RECORDED INFORMATION:

::::

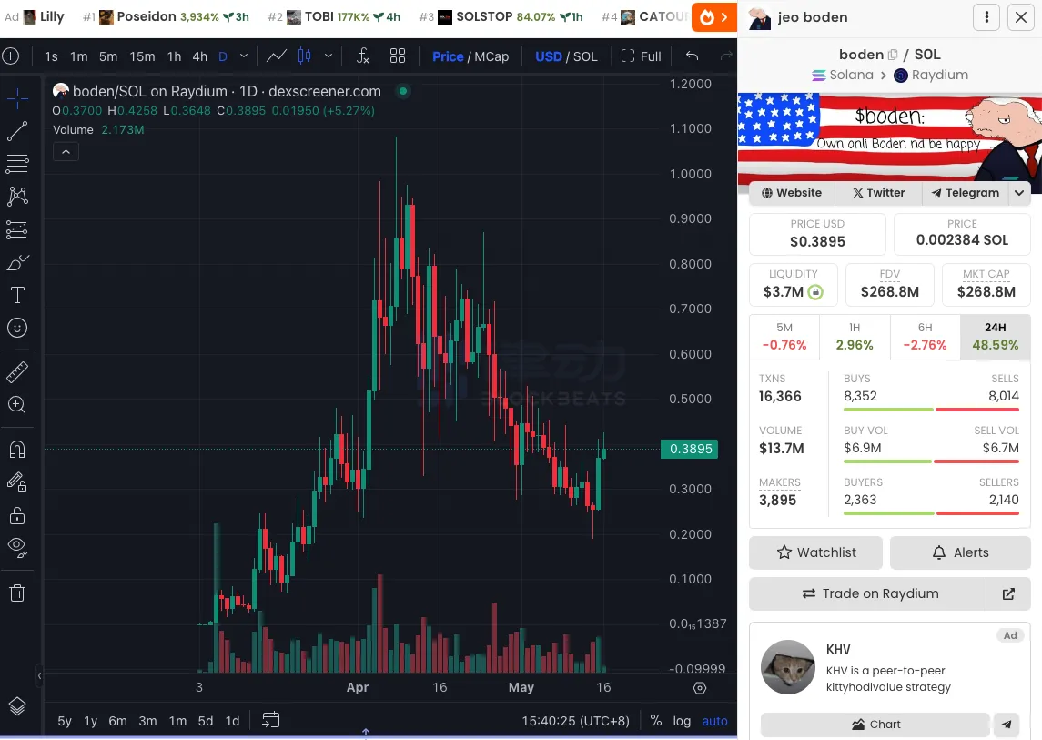 截至撰稿时间,据 dexscreener 数据显示,$Boden 的市值为$268.8M。作为美国总统大选的两大候选人之一,$Boden 在选举期间势必会迎来炒作的热潮。
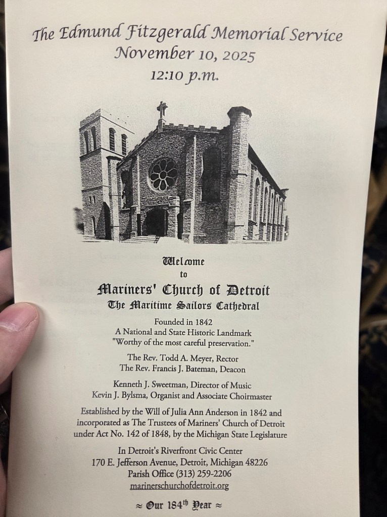 Two decades after that Queen Mary 2 journey, on Monday of this week, I attended the 50th anniversary memorial service for the 29 crewman that died when the SS Edmund Fitzgerald sank in a violent storm on Lake Superior on Nov. 10, 1975.
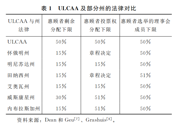 明尼蘇達州(2003年)、艾奧瓦州(2005年)、田納西州(2005年)、威斯康星州(2006年)、內布拉斯加州(2007年)先后通過了類似WCM的法案。美國統一州法全國委員會(TheNationalConferenceofCommissionersonUniformStateLaws,NCCUSL),附屬于美國律師協會,成員為法律界人士,主要任務是起草并向各州推薦統一的法規,推動各州采納,使得各州法律趨于一致。該委員會成員由各州州長選派,每年舉行一次年會,在2007年年會上通過了《統一有限合作社法案》(UniformLimitedCooperativeAssociationAct,ULCAA),將WCM取名為有限合作社(LimitedCooperativeAssociation,LCA),向各個州推薦有限合作社①。猶他州(2008年)、俄克拉何馬州(2009年)、哥倫比亞特區(2010年)、密蘇里州(2011年)、科羅拉多州(2012年)、肯塔基州(2012年)、佛蒙特州(2012年)先后通過了以UL-CAA為版本的法案。共有13個州或特區通過了有限合作社相關法案。各個州采用了加工合作社(ProcessingCooperative)、合作社協會(CooperativeAssociation)、有限合作社(LimitedCooperativeAssociation)等名稱,可以統稱為美國有限合作社。

::::

WHAT IS NEEDED: The exact lines from the beginning of the data through the one that contains "Two decades after" must be given again, both ends included, and pictures must be left out.

COMPLETED TASK:
 截至撰稿时间,据 dexscreener 数据显示,$Boden 的市值为$268.8M。作为美国总统大选的两大候选人之一,$Boden 在选举期间势必会迎来炒作的热潮。
 Two decades after that Queen Mary 2 journey, on Monday of this week, I attended the 50th anniversary memorial service for the 29 crewman that died when the SS Edmund Fitzgerald sank in a violent storm on Lake Superior on Nov. 10, 1975.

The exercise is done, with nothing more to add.